Une organisation selon le principe des marchés multifaces

Le modèle de plate-forme se base sur l’hypothèse que le marché de la mobilité présente les caractéristiques d’un marché multiface. Il en découle une organisation typique de l’économie des plates-formes (voir 1.4.3). Sa structure est représentée ci-dessous en figure 12. La face du côté de l’offre regroupe des autorités organisatrices de transport et des opérateurs de transport. Des partenariats privilégiés avec quelques acteurs clés à la présence globale permettent par ailleurs d’offrir un cœur d’offre standardisé qui constitue l’armature du réseau porte-à-porte. Le groupe de la demande est celui des clients finaux.

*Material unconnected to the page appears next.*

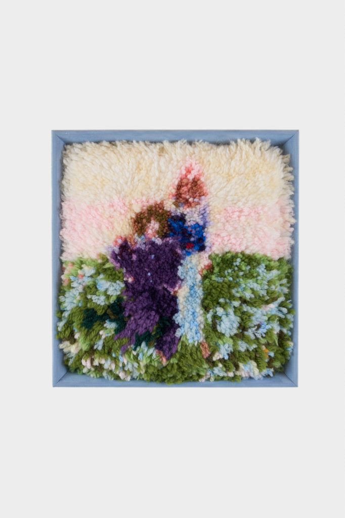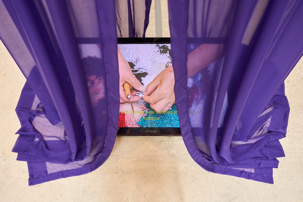 L’opera che occupa lo spazio in vetrina, dal titolo Reunion with aunts and uncles, è esemplificativa dei concetti espressi fino a questo punto. Alla base di una installazione tessile circolare di colore viola, è posizionata un’opera video che presenta la zia, la madre e la nonna dell’artista mentre realizzano un particolare tipo di tappeti —i “Jani”, solitamente parte della dote di nozze— con una tecnica di ricamo tipica del Kosovo. L’influenza del paese natale, oltre al ricamo, si percepisce tramite i racconti delle donne sulla guerra combattuta in Kosovo dal 1998 di cui sono state testimoni. I quadri tessili appesi alle pareti riprendono l’atmosfera dell’installazione centrale e ripropongono frammenti di vita familiare.

Figure 12 – Schématisation du modèle de plate-forme pour un opérateur de mobilité Source : auteur

La question de l’organisation de l’entreprise ne se pose donc pas selon les termes du faire et du faire faire. Le choix d’un modèle de plate-forme par rapport à une organisation intégrée dépend des ressources et compétences dont l’entreprise dispose. Il résulte aussi d’un arbitrage entre intégrer et rendre possible. Cet arbitrage amène à comparer les gains de coordination permis par la forme intégrée avec les gains associés à la connaissance fine de la mobilité obtenue dans un fonctionnement de plate-forme (2.5.2). Cette connaissance constitue le cœur du modèle de revenu. La recherche de ce compromis a par ailleurs une incidence directe sur la nature des relations qui seront entretenues avec le client final. En effet les gains de coordination de la forme intégrée permettent d’apporter une continuité de service particulièrement élevée, notamment en ce qui concerne les fonctions de d’accessibilité, de connectivité et de lisibilité de l’offre porte-à-porte. Le modèle de plate-forme répond de manière plus naturelle à la fonction de disponibilité, étant donné son caractère exhaustif. Mais il s’appuie pour cela sur une plus grande autonomie du voyageur. Le modèle de plate-forme implique le client final dans la production du service. C’est lui qui prend la responsabilité de combiner les différents maillons de son parcours porte-à-porte. Le client final est

aussi sollicité pour évaluer les autres usagers de la plate-forme. Ce mécanisme permet une gestion efficace des questions de qualité de service par l’entreprise (voir en 2.5.3, page 129). Il la dispense en outre d’une partie des coûts de régulation qui sont par exemple liés à la certification des fournisseurs de services tiers (Chevallier, 2013). Dans ce type d’organisation, plus la participation des clients à la production du service est élevée, plus le mode de contrôle et d’évaluation doit reposer sur les autres clients (Codello-Guijarro et al., 2013). Dans le cas où, comme dans le modèle de plate-forme, l’opérateur de mobilité ne participe pas à l’organisation et à l’opération des prestations de transport, le recours à la participation active des clients finaux permet en retour d’influencer d’une manière indirecte la production du service.